Fresh water wipe-out
The same situation holds true for our water supplies. While we are aware of the abundance of water on earth, it is important to note that less than one per cent (0.5 per cent) of this is neither salted nor ice-encased. Rainfall and ice melt provide the bulk of our flesh water, about 40-50,000 cubic kilometers annually. However, the demand for fresh water is doubling every 20 years. In view of this, it has been projected in some quarters that the earth may face a water crisis. Present trends indicate that our annual need for water could be more than 50 per cent greater than annual supplies. In this scenario absolute water shortages are bound to occur, affecting approximately 2 billion persons, mostly in the developing countries. The stark truth also is that, food cultivation and household consumption will face intense competition for available water supplies.

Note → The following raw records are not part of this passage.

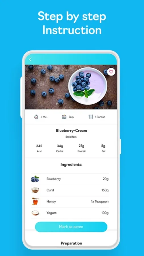Whether you want to lose weight, gain weight, build muscle or simply eat a balanced and sustainable diet, FoodPal creates your personal meal plan and provides you with simple and quick recipes that perfectly fit your nutritional goals. For each breakfast, lunch and dinner you will be provided with three different recipes. In addition, you can expect step-by-step instructions so that each dish is sure to succeed. The macros (carbs, proteins and fats) are also provided free of charge with each recipe.
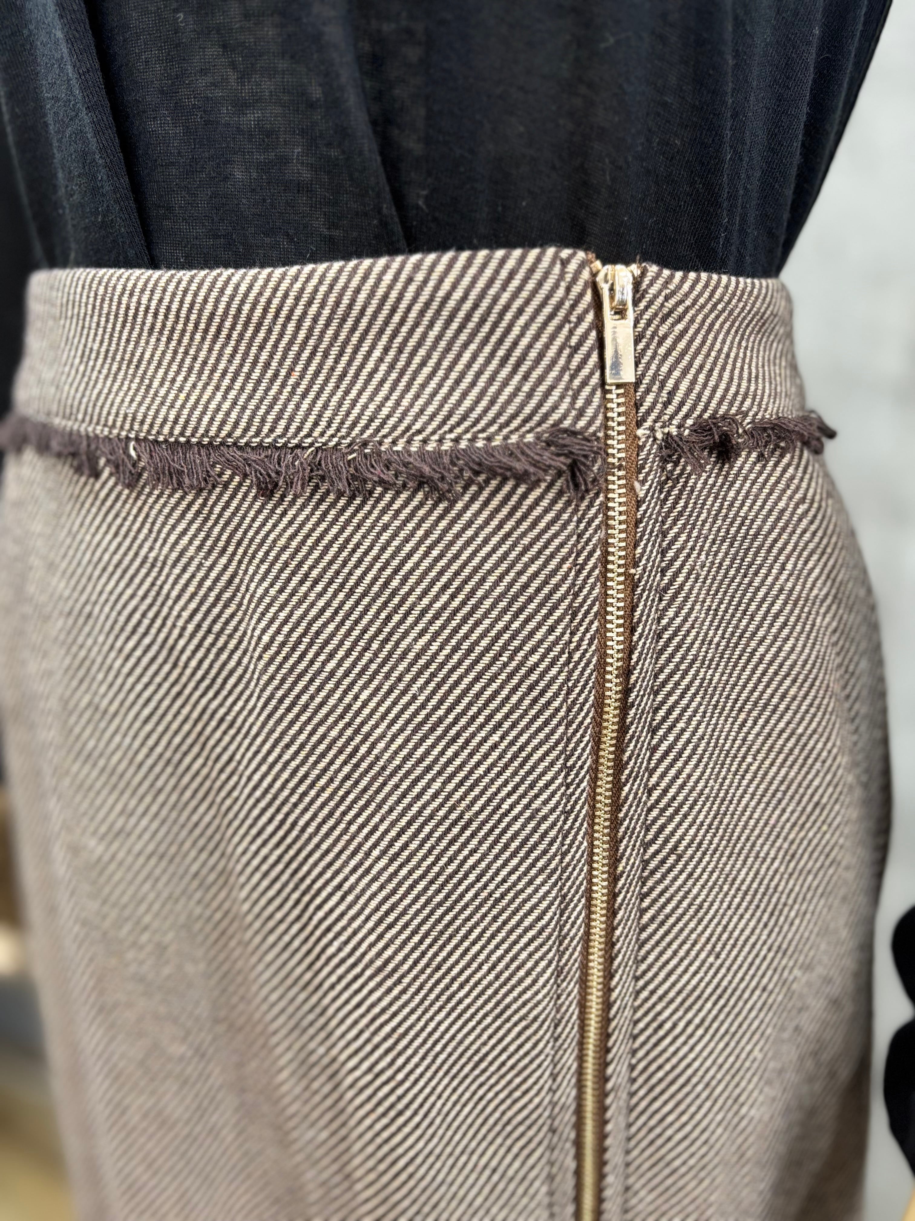 裾とウエストに施されたフリンジが程良い抜け感を出してくれてこなれ感をプラス
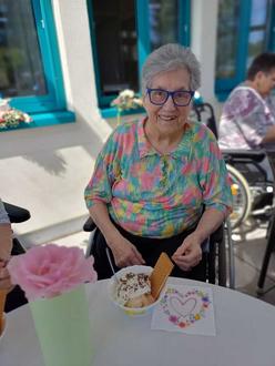 Bei bestem Wetter und draußen auf der Terrasse sitzend, genossen die Seniorinnen und Senioren Vanille-, Erdbeer- und Schokoeis, wahlweise mit Sahne oder ohne, mit Waffel und Schokostreusel. Den nicht gehfähigen Bewohner*innen brachten das Team ihre Eisbecher persönlich aufs Zimmer.
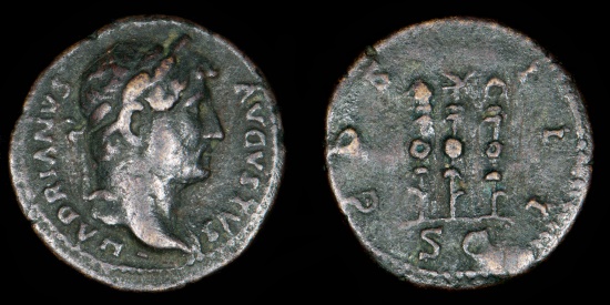 Hadrian (117 – 138 A.D.) Æ Quadrans, approx. 18.5 mm, 3.30 g. Rome mint (125 – 128 A.D.) Obv: HADRIANVS AVGVSTVS, laureate head of Hadrian right, drapery on far shoulder Rev: COS III / S [-] C, three standards Near VF cf. RIC 689 (“S”) var (drapery on shoulder) |
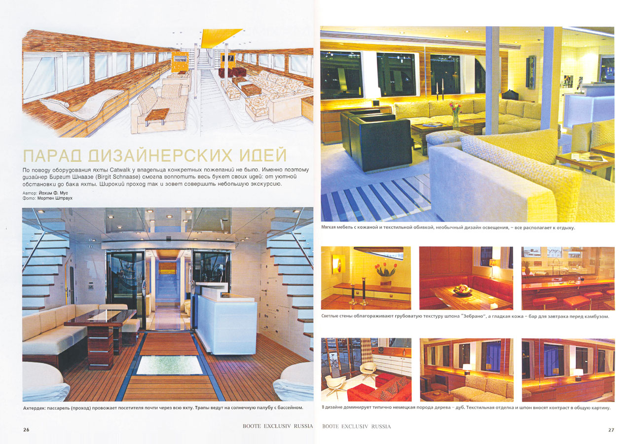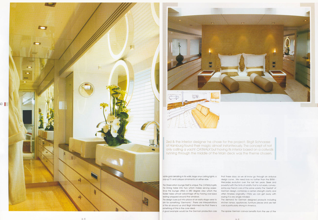 "We have been closely working with KaiserWerft shipyard on the complete interior design of motor yacht Catwalk. A dedicated and skilled team with an open mind to our ideas and ready to implement these to a quality end product" says the famous designer Birgit Schnaase about the yard team.
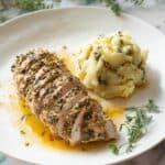 Start by preheating your oven to 350°F (175°C). While it’s warming up, mix your soft butter with freshly chopped sage, thyme, rosemary, grated orange zest, and pressed garlic. Sprinkle in your salt and pepper to taste — this blend is where the magic happens. Pour lemon juice all over your turkey tenderloin and season it with salt and pepper on both sides. Spread your herb butter all over the turkey; it might not stick perfectly because of the lemon juice, but do your best. If you have an hour or more, pop it in the fridge to marinate. Trust me, the flavors deepen beautifully!
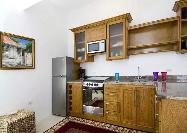 The villa was designed to take advantage of the sultry, soft trade winds with the main dining/living area opening up completely to the outdoors. Comfort and elegance with a Caribbean flair is the theme throughout the villa and continuous on with the Mediterranean style terrace with arched colonnades. The main level includes a spacious living area, state-of-the-art custom kitchen, dining area with oversized island, bar area with beer fridge and ice maker and a full bathroom. The fully equipped kitchen will compliment any discerning chef. Dine alfresco on the oversized terrace overlooking the pool. Relax, unwind and plug & play your Smart Phone to listen to your favourite music on the indoor & outdoors surround sound stereo system……..the villa also offers Free WiFi and the use of an island cell phone.

Turning to the oceans, we find that at least 70 per cent of the world's marine species are endangered. As many as 980 fish species are now threatened. Much of this threat derives from the destruction of the world's coral reefs. It is now projected that 60-70 per cent of the coral reefs could disappear within a generation.

Atmospheric resources wipe-out
As these critical biological resources disappear, pollution from our various activities on earth is simultaneously eroding our atmospheric resources. Climate change and increased exposure to ultraviolet are creating unprecedented challenges on a global scale. Even the non-sensationalist World Bank, has calculated that global warming of a 2-3 degrees centigrade rise in global mean temperatures, would endanger one-third of all surviving forests species, and melt mountain glaciers by one-third to one-half. These in turn would devastate global agriculture.

In the developing regions, global warming would produce serious declines in crop production. In the colder rich countries of the North the outcomes are likely to be erratic, actually improving in some instances and getting worse in others. This fear of global warming has already led to pressures on countries in the South to co-operate in scientific experiments aimed to reverse the Greenhouse effect.

One such proposal is to turn Chile's coastal waters into a carbon sink by putting into it heavy concentrations of nitrogen, which it is hoped would stimulate unnatural levels of biological activities in these waters. Incredulous as it might seem, discussions on this matter have already started with the Chilean government! The enormous risks attached to such planetary experimentation cannot be overstressed. That these risks are being concentrated in the poorer countries of the South, is cause for great concern.

Meanwhile, globalisation marches on relentlessly. The period of globalisation beginning in the 1980s has witnessed the most intensive human exploitation of the earth' s ecosystems in its

history. The linkage between the erosion of our environment or the fraying of the web of life and globalisation is no accident. It is a human-made disaster that was bound to occur, if good sense

does not prevail over private profit at any cost.